◆ WHAT YOU NEED TO DO ◆
Output the full listing below exactly, without the pictures.

◆ DATA EXTRACT ◆

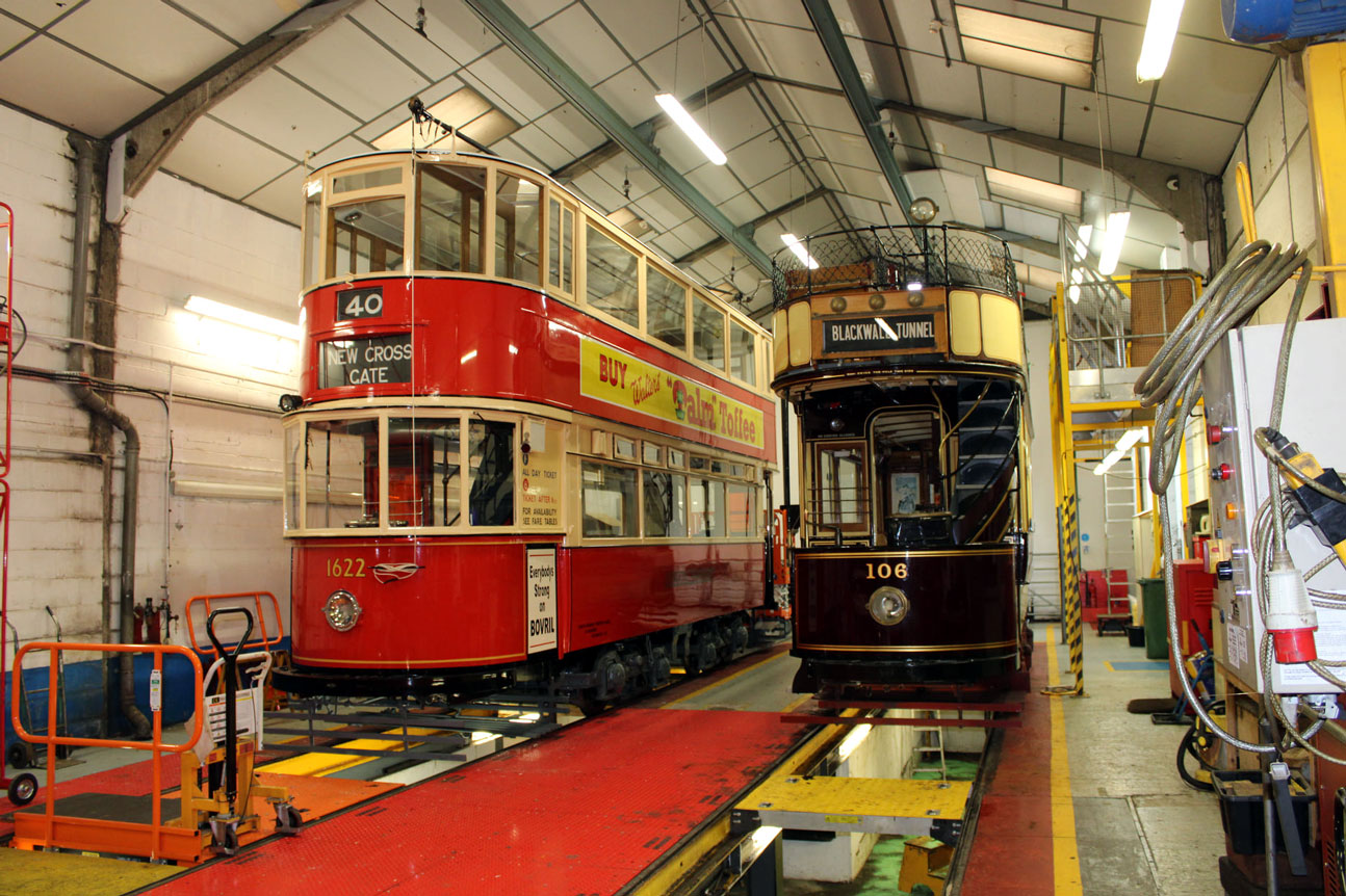 At the front of the workshop London County Council 106 is undergoing routine maintenance alongside London Transport 1622. The latter is now at the end of an extensive overhaul and repaint with period advertisements now applied (which are different on each side!), and should be back in service soon following a period of test running.
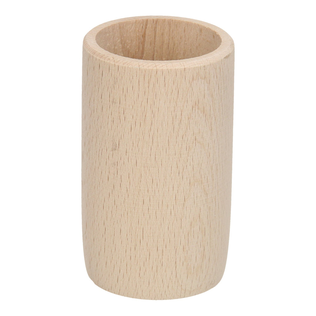 Rond pennenbakje van beukenhout. De doorsnede van de opening is 4,7 centimeter. Versier het pennenbakje naar eigen wens.
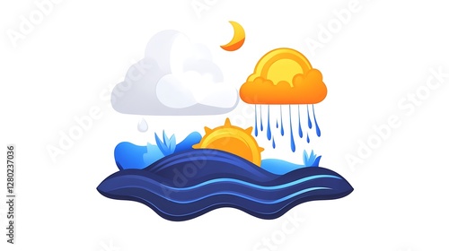 sun, moon, cloud, rain, water, wave, ocean, sky, weather, nature, day, night, climate, landscape, illustration, graphic, design, art, cartoon, colourful, sunshine, droplet, cloudburst, seasonal, environment, temperature
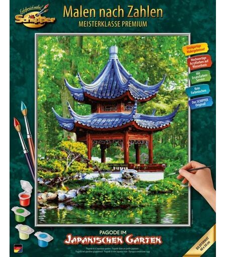 Der japanische Garten steht für die Vollkommenheit der Natur. Er ist zugleich Ort der Ruhe, Inspiration und Meditation. Die Pagode symbolisiert - wie auch die anderen Gestaltungselemente - das Zusammenspiel der unterschiedlichen Natur- und Lebensräume. Ziel ist die Bündelung der positiven Einflüsse auf geistige und körperliche Gesundheit. Die fernöstliche Lebensphilosophie vermittelt Halt und Geborgenheit in einer komplexen Welt. Durch das Motiv mit seinen harmonisch aufeinander abgestimmten Formen und Farben findet sie Eingang in die Welt des Hobbymalens. ...

◆ WRITTEN ANSWER ◆
 At the front of the workshop London County Council 106 is undergoing routine maintenance alongside London Transport 1622. The latter is now at the end of an extensive overhaul and repaint with period advertisements now applied (which are different on each side!), and should be back in service soon following a period of test running.
 Rond pennenbakje van beukenhout. De doorsnede van de opening is 4,7 centimeter. Versier het pennenbakje naar eigen wens.
 sun, moon, cloud, rain, water, wave, ocean, sky, weather, nature, day, night, climate, landscape, illustration, graphic, design, art, cartoon, colourful, sunshine, droplet, cloudburst, seasonal, environment, temperature
 Der japanische Garten steht für die Vollkommenheit der Natur. Er ist zugleich Ort der Ruhe, Inspiration und Meditation. Die Pagode symbolisiert - wie auch die anderen Gestaltungselemente - das Zusammenspiel der unterschiedlichen Natur- und Lebensräume. Ziel ist die Bündelung der positiven Einflüsse auf geistige und körperliche Gesundheit. Die fernöstliche Lebensphilosophie vermittelt Halt und Geborgenheit in einer komplexen Welt. Durch das Motiv mit seinen harmonisch aufeinander abgestimmten Formen und Farben findet sie Eingang in die Welt des Hobbymalens. ...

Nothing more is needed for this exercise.